* Instructions to follow
Begin at the line holding "Product Features - 220v" and set down exactly each line through the last one below, omitting pictures. Include nothing else.
(The data begins)
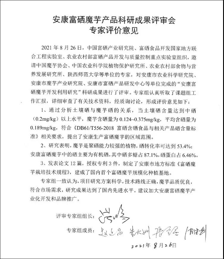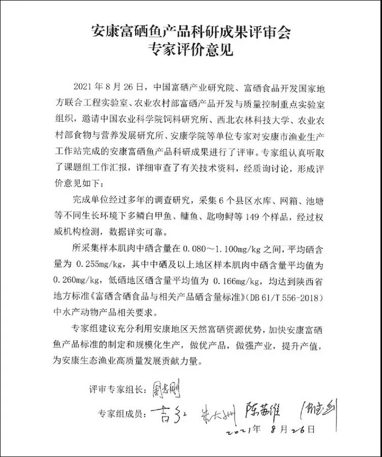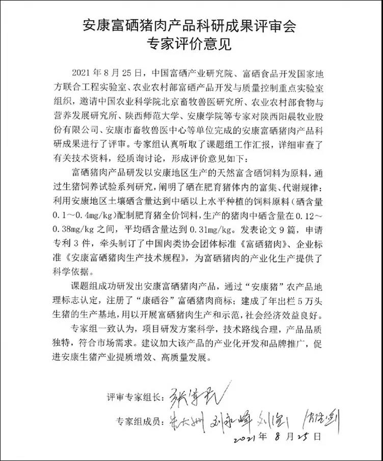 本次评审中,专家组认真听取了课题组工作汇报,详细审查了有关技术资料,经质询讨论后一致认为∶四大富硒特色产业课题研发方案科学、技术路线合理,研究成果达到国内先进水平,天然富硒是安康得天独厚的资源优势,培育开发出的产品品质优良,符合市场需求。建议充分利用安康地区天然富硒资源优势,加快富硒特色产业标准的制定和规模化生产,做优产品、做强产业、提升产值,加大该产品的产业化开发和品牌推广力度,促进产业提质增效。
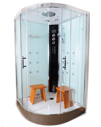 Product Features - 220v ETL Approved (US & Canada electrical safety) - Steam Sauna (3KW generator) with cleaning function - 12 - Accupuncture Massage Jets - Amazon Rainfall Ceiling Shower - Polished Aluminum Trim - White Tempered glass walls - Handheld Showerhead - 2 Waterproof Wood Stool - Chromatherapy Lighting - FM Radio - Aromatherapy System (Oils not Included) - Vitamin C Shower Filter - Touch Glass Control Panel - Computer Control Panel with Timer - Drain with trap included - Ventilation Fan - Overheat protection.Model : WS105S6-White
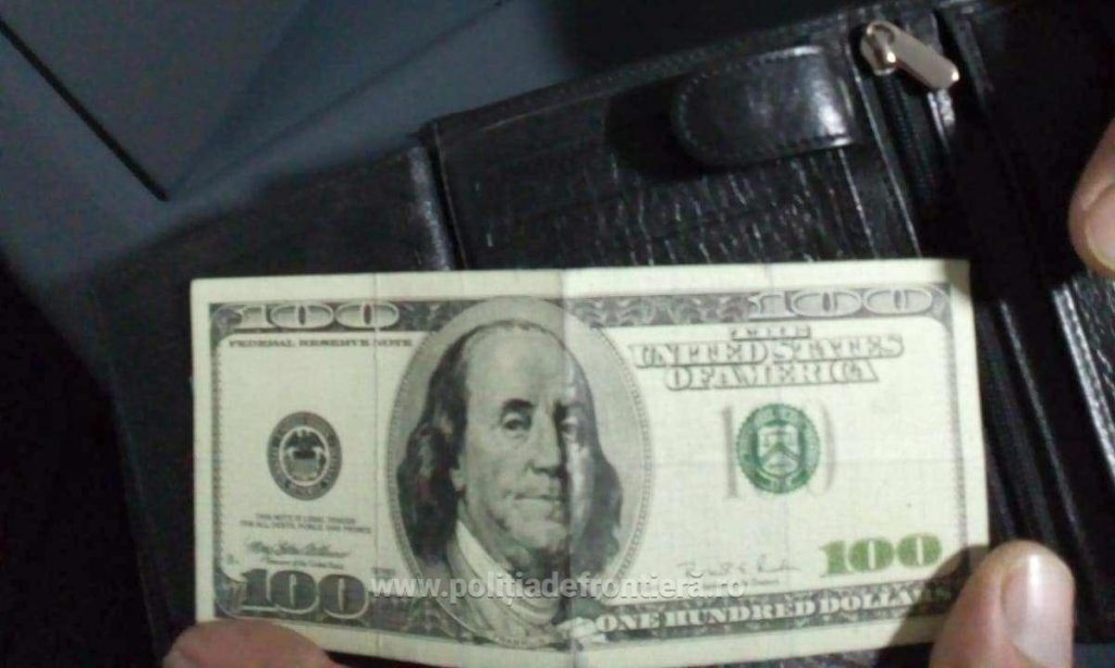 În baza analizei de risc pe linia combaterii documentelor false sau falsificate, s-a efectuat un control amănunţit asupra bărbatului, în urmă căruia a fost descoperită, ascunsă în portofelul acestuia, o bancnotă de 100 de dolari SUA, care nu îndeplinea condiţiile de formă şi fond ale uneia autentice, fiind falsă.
(The data ends)
* Exercise result
 Product Features - 220v ETL Approved (US & Canada electrical safety) - Steam Sauna (3KW generator) with cleaning function - 12 - Accupuncture Massage Jets - Amazon Rainfall Ceiling Shower - Polished Aluminum Trim - White Tempered glass walls - Handheld Showerhead - 2 Waterproof Wood Stool - Chromatherapy Lighting - FM Radio - Aromatherapy System (Oils not Included) - Vitamin C Shower Filter - Touch Glass Control Panel - Computer Control Panel with Timer - Drain with trap included - Ventilation Fan - Overheat protection.Model : WS105S6-White
 În baza analizei de risc pe linia combaterii documentelor false sau falsificate, s-a efectuat un control amănunţit asupra bărbatului, în urmă căruia a fost descoperită, ascunsă în portofelul acestuia, o bancnotă de 100 de dolari SUA, care nu îndeplinea condiţiile de formă şi fond ale uneia autentice, fiind falsă.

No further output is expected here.